2) Create Visual Studio 2010 database project:
Run Visual Studio. Open server explorer. If server explorer is not visible at your screen, press Ctrl-W,L.
In server explorer add new connection to database. You will use that connection in database project.






Create new project by using "File->New->Project" menu option.
I am currently using SQL 2008, so I selected "SQL Server 2008 Database Project".


Next step is to import database schema into project. You need right mouse click on project and select "Import Database Objects and Settings".


In opened window select connection, which you created in server explorer.



When all database objects were imported you can create "Data Generation Plan".


After you finish previous step you will see list all of tables from database.
For better understanding how data will be generated in database, you should turn on data generation preview by right mouse clicking on table view and selecting "Preview Data Generation" from popup menu.

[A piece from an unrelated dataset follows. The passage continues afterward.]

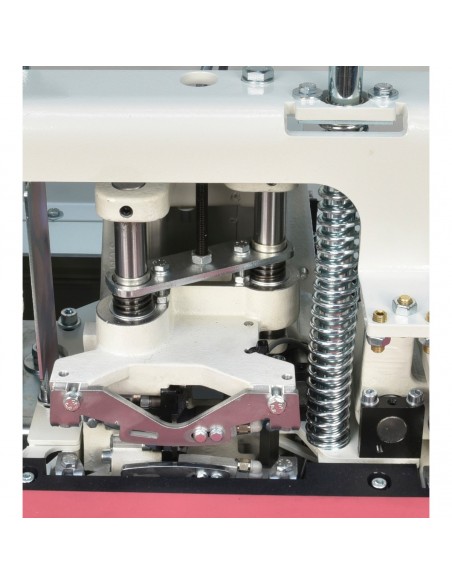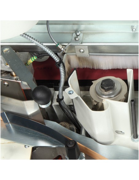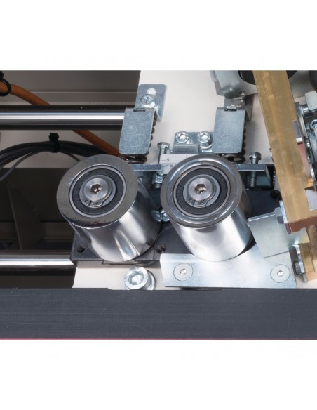 - Precyzyjny posuw detalu za pomocą taśmy podającej u dołu i podwójnych gumowych rolek dociskowych u góry, zapewniających wysoką przyczepność i zapobiegających zadrapaniom na powierzchni detalu

After you done all steps above, you should see screen like this:




case 1: ProductType table will contain randomly generated data

specify number of rows to be generated in every table and press F5 or use following menu:

Select connection string


In next dialog box select yes:


After data generation is complete you will see data generation result:



To check generated data in database, run following sql statements:
select top 10 * from Product
select top 10 * from ProductType
you will see following result:






case 1a: The smae as above but you need ratio between reference table and main table

For example: for every inserted row in ProductType you want generate 100 products.
To Achieve this task you need set
1. Related table
2. Ratio between main table and reference table
3. Number of rows in reference table



you will notice that every time you change number of rows for the "ProductType" table, number of rows for the "Product" table will be adjusted according ratio.

Run data generation by pressing F5. On prompt to delete existing data select "YES". After data generated check database.

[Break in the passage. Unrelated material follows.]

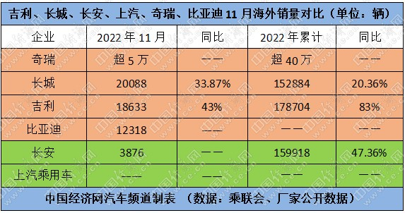 相比之下,长城、吉利、长安等在海外市场的销量规模尚有很大的提升空间。具体来看,11月,吉利、长城和长安的销量分别为20088辆、18633辆、3876辆;1-11月累计销量分别为152884辆、178704辆、159918辆。

case2: You have to use pre-defined refernce data

Let's say your web application uses predefined list of product types such as "Default", "Downloadable" and "Gift Certificate". In code you already created enumeration for that. It means that you cannot use randomly generated data in that table.

What I am recommending is to create SQL script, which you can run even after data deletion:

--clean up both tables
truncate table Product
delete from ProductType
--insert product types
set identity_insert ProductType on
insert into ProductType (ProductTypeId, ProductTypeName) values (1,'Default')
insert into ProductType (ProductTypeId,ProductTypeName) values (2, 'Downloadable')
insert into ProductType (ProductTypeId,ProductTypeName) values (3, 'Gift Certificate')
set identity_insert ProductType off


Next step is to update your data generation plan. First of all you have to set number of records to be generated to 0 for the table "ProductType". After that you should uncheck checkbox for the "ProductType" table and set related table to "None" as shown below.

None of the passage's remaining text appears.